I tried but could not like it. Though I love algebra and analysis.
I have here too many courses required which I don't like.
Know what I do with these? I attend classes , because I would never study the materials myself. I would bring to the class with the materials needed for the course and also bring materials of another course which I hate so that whenever the class made me want to die, I would just start to hit the book of the other boring course which would become a pleasure in some sense.:rolleyes:
 
  • #16
i used to hate statistics
but then i tried to investigate the notion of inner product and variance then relate them into statistical mechanics
today i was learning how to use functional analysis in semiparametric estimations.
it is just depends on you.
 
  • #17
why doesn't anybody like probability and statistics?
 
  • #18
Because they are boring as hell. :wink:
 
  • #19
I hate to say it, but I basically slept through my Probability & Statistics lectures. For some reason, I could NOT stay awake for an hour and a half in that class. I've never done that before in a course, but just listening to an asian dude talk only to the blackboard was too much.

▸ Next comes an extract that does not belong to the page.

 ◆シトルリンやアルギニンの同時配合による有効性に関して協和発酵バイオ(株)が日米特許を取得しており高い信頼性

What I did was I bought extra textbooks. That way, when I was doing the HW or studying for an exam, I had plenty of references.

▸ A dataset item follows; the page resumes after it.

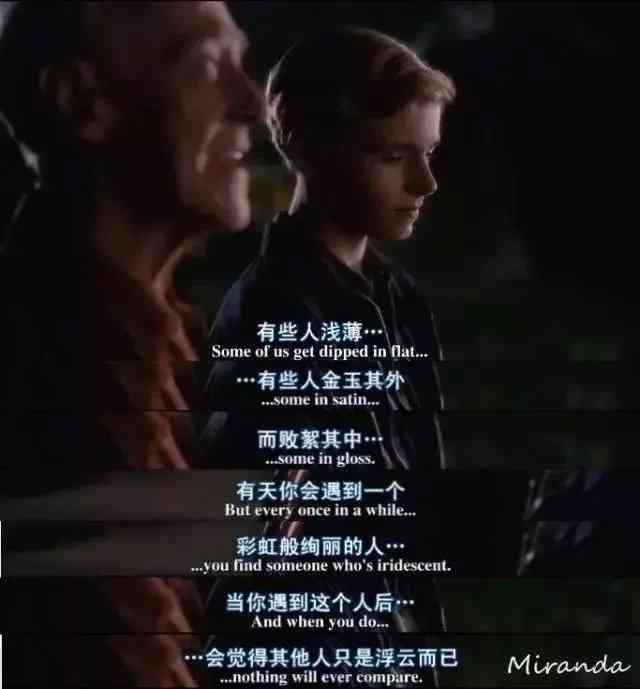 電影原句:Some of us get dipped in flat, some in satin,some in gloss. But every once in a while you find someone who's iridescent, and when you do, nothing will ever compare.

Hopefully this isn't a common occurance for you, taking classes you hate.
 
  • #20
Maxwell said:
Hopefully this isn't a common occurance for you, taking classes you hate.

It't not really, but this year it is. I like the lectures of the one course, but I hate the material we are learning. The prof. is a good lecturer so I'm always there.

Yeah, probability and statistics just suck. I hesitate to even call it math.
 
  • #21
My entire semester this year is filled with classes I hate, and the sad thing is statistics is one of the high points of the day :( I just try to keep reminding myself the semester is almost over, then I am back to the good stuff again. It's just so hard to motivate myself to study all this useless crap...haha
 
  • #22
Probability is cool, statistics (I am guessing you mean statistical inference) is boring as hell. There are only a few more weeks in the semester, you will get through it :smile:
 
  • #23
OMG...
Software Engineering!

Is it true?

Btw
How come they are boring??
 
  • #24
I have it worse than most of you. I just switched for a major I absolutely despise, Computer Engineering, to Applied Physics, which I love dearly. The problem is that this leaves me with two or three Computer Engineering classes to finish this semester, which I neither want, nor need to take. The worst is Object Oriented Programming in Java. The other one I hate is Discrete Structure (Math for Computer Science). I like Math, but that class is awful. I just can't wait to get out of these horrid classes and cast off the stench of this horrible major once and for all and finally take things I really want to take.
 
  • #25
Pick up a measure-theoretical probability book from the library, maybe it helps.
When I was in school, I never let the class syllabus dictate what I learn. If I find a topic too boring, I would look for something related but way deeper and learn it myself. This way I learn something and keep my grade from free falling.
 
  • #26
chingkui said:
Pick up a measure-theoretical probability book from the library, maybe it helps.
When I was in school, I never let the class syllabus dictate what I learn. If I find a topic too boring, I would look for something related but way deeper and learn it myself. This way I learn something and keep my grade from free falling.

I wouldn't say my grades free fall. I read the textbook, but then the textbook isn't related to the class, and so I read the lecture notes as well.

Not sure how well I did on the first midterm though.

It makes me kind of nervous now because I never show up, so they handed back the midterms like over a month ago. They probably don't have it now!

Yeah, I'm bad for that. But I got 90% on the last assignment. I felt like I got an A on the last midterm, and the second midterm (last night) probably a B+ or higher.

I never showed up in a long time. Bad habit.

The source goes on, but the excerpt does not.